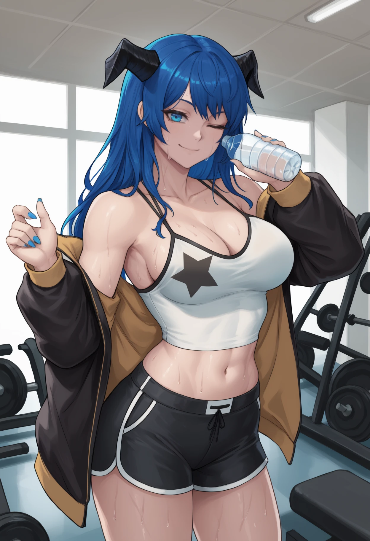 Sports: most1masports, long hair, blue hair, black horns, demon horns, blue eyes, two-sided jacket, black jacket, open jacket, off shoulder, long sleeves, white camisole, crop top, spaghetti strap, star print, black shorts, dolphin shorts, short shorts, blue nails, bare shoulders, stomach, navel, cleavage
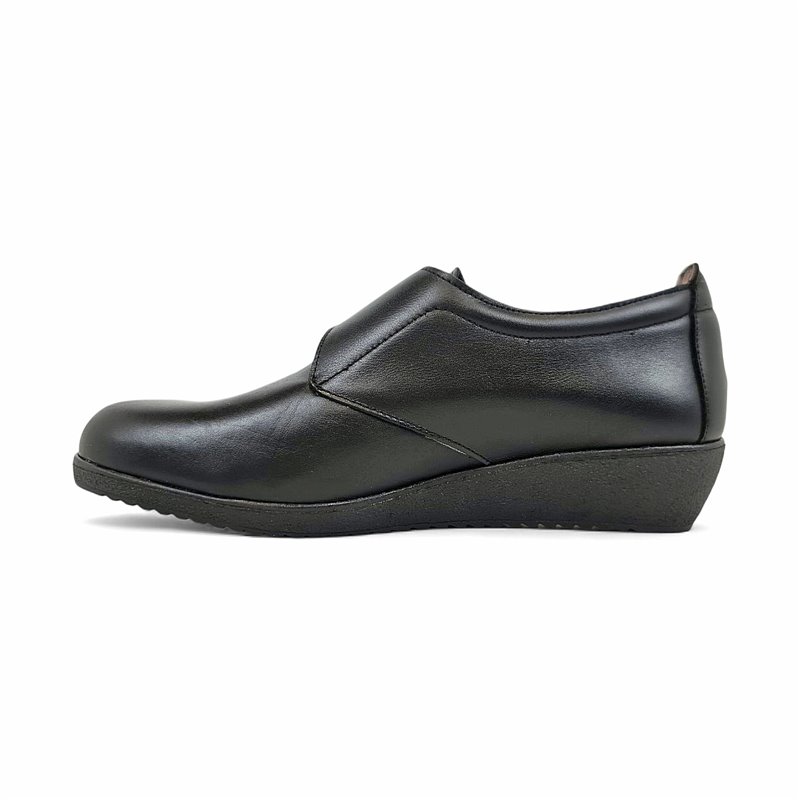 The design of these women’s wedge shoes blends a sober yet stylish look that suits both office settings and more relaxed moments. The soft leather upper delivers a refined and pleasant touch, while the 4 cm wedge helps you gain height without sacrificing stability. The velcro closure enables a simple and quick adjustment, making them a smart choice for those seeking comfortable footwear for all-day wear.
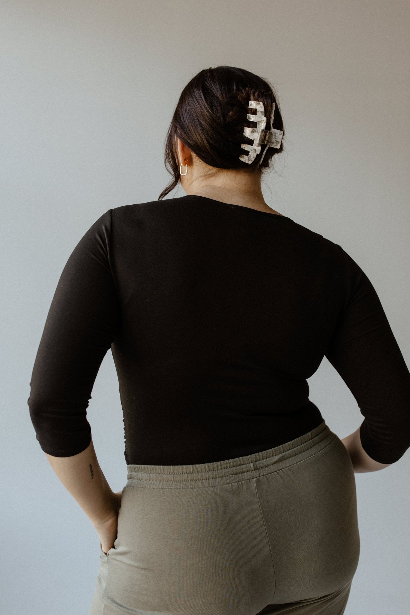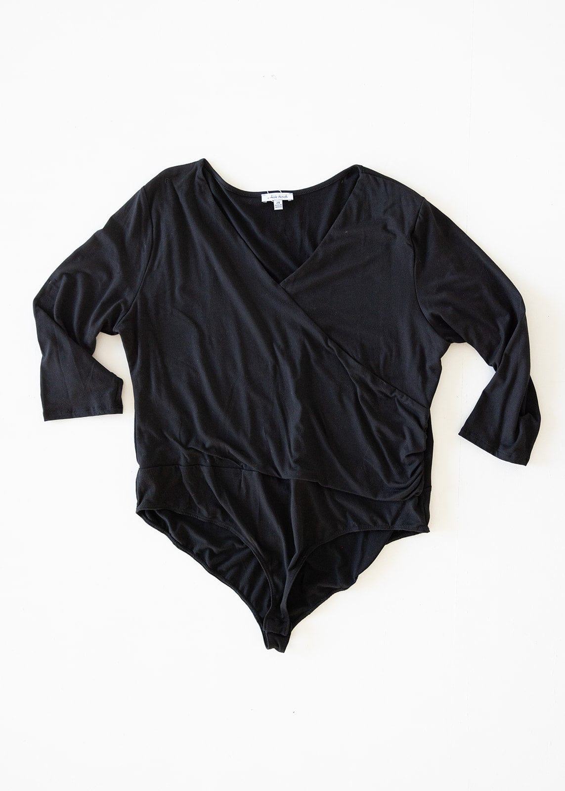 Look confidently chic in this sleek Faux Wrap Bodysuit. A buttery soft knit in classic black ensures a smooth, comfortable fit while the side ruching gives your outfit a stylish detail that turns heads. Make sure to add this chic piece to your wardrobe stat! Fits true to size. We suggest going with your typical size. Alex is wearing a size 1x. Want more information about the model? Visit our Lovely Models page.
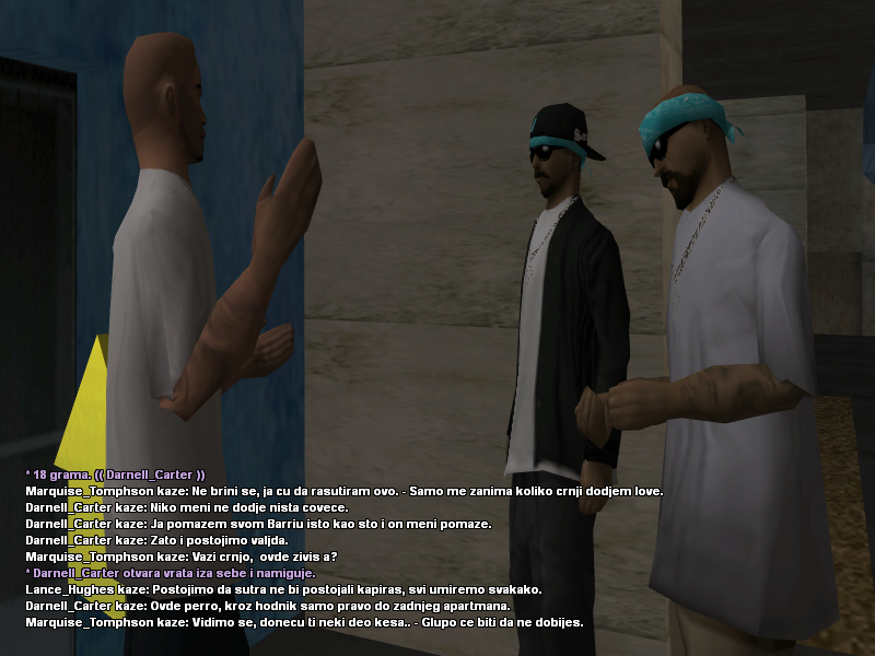 Obrazloženje: Dakle, bila je potera koja je trajala nekih 20 minuta gde clanu moje organizacije koji je ujedno i bio vozac igrica crashala te smo ostali bez vozila, ja kako bih sacekao clana da udje nazad ingame koristim komandu /eats 9 i ulazim u stub mosta, gde dolazi clan organizacije doticnog i mene tazeruje i hapsi. Clan RPE tima salje dokaz o svom prekrsenom pravilu i mesanje u RP uz pomoc svojih komandi u moj konkurs za RPEa. Ukoliko je doticni usao u spec na mene zbog nekog reporta ili prijave zahtevam da se posalje slika tog reporta/prijave jer u suprotnom on nema razlog mene da speca a pogotovo da njegovom clanu pomogne uz pomoc tog speca.
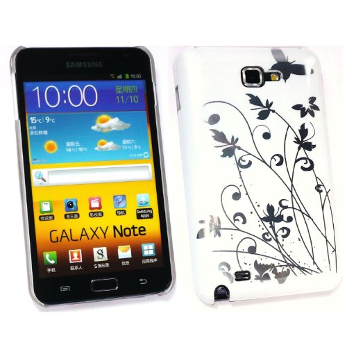 Kit Me Out IT - Samsung Galaxy Note - Protezione Custodia / Cover / Skin Super Slim Bianco Con Argento Fiori + LCD Pellicola Protettiva Schermo
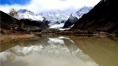 冰川、雪山倒映在冰湖里成为了游客镜头里的焦点。
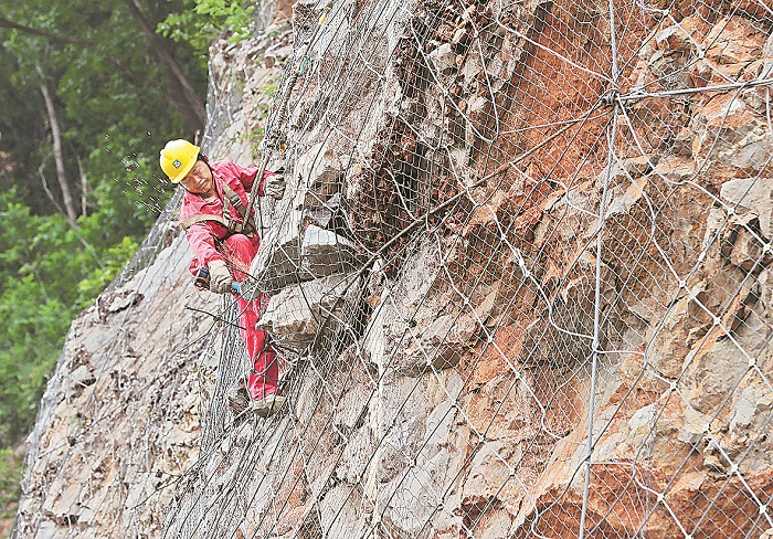 6月23日,在湖北省荆门市东宝区圣境山生态旅游区,工作人员沿着陡峭山壁开展拉网式地质灾害隐患巡查。入梅以来,当地积极应对恶劣天气,督促旅游景区全面检查地质灾害风险区域,通过“人防+技防”,加强监测预警,及时排除安全隐患,确保游客与生态安全。本报通讯员 赵平 摄

--- HOW TO COMPLETE THIS TASK ---
Please copy every entry exactly, without the pictures.

--- ANSWER FOR THE TASK ---
 Sports: most1masports, long hair, blue hair, black horns, demon horns, blue eyes, two-sided jacket, black jacket, open jacket, off shoulder, long sleeves, white camisole, crop top, spaghetti strap, star print, black shorts, dolphin shorts, short shorts, blue nails, bare shoulders, stomach, navel, cleavage
 The design of these women’s wedge shoes blends a sober yet stylish look that suits both office settings and more relaxed moments. The soft leather upper delivers a refined and pleasant touch, while the 4 cm wedge helps you gain height without sacrificing stability. The velcro closure enables a simple and quick adjustment, making them a smart choice for those seeking comfortable footwear for all-day wear.
 Look confidently chic in this sleek Faux Wrap Bodysuit. A buttery soft knit in classic black ensures a smooth, comfortable fit while the side ruching gives your outfit a stylish detail that turns heads. Make sure to add this chic piece to your wardrobe stat! Fits true to size. We suggest going with your typical size. Alex is wearing a size 1x. Want more information about the model? Visit our Lovely Models page.
 Obrazloženje: Dakle, bila je potera koja je trajala nekih 20 minuta gde clanu moje organizacije koji je ujedno i bio vozac igrica crashala te smo ostali bez vozila, ja kako bih sacekao clana da udje nazad ingame koristim komandu /eats 9 i ulazim u stub mosta, gde dolazi clan organizacije doticnog i mene tazeruje i hapsi. Clan RPE tima salje dokaz o svom prekrsenom pravilu i mesanje u RP uz pomoc svojih komandi u moj konkurs za RPEa. Ukoliko je doticni usao u spec na mene zbog nekog reporta ili prijave zahtevam da se posalje slika tog reporta/prijave jer u suprotnom on nema razlog mene da speca a pogotovo da njegovom clanu pomogne uz pomoc tog speca.
 Kit Me Out IT - Samsung Galaxy Note - Protezione Custodia / Cover / Skin Super Slim Bianco Con Argento Fiori + LCD Pellicola Protettiva Schermo
 冰川、雪山倒映在冰湖里成为了游客镜头里的焦点。
 6月23日,在湖北省荆门市东宝区圣境山生态旅游区,工作人员沿着陡峭山壁开展拉网式地质灾害隐患巡查。入梅以来,当地积极应对恶劣天气,督促旅游景区全面检查地质灾害风险区域,通过“人防+技防”,加强监测预警,及时排除安全隐患,确保游客与生态安全。本报通讯员 赵平 摄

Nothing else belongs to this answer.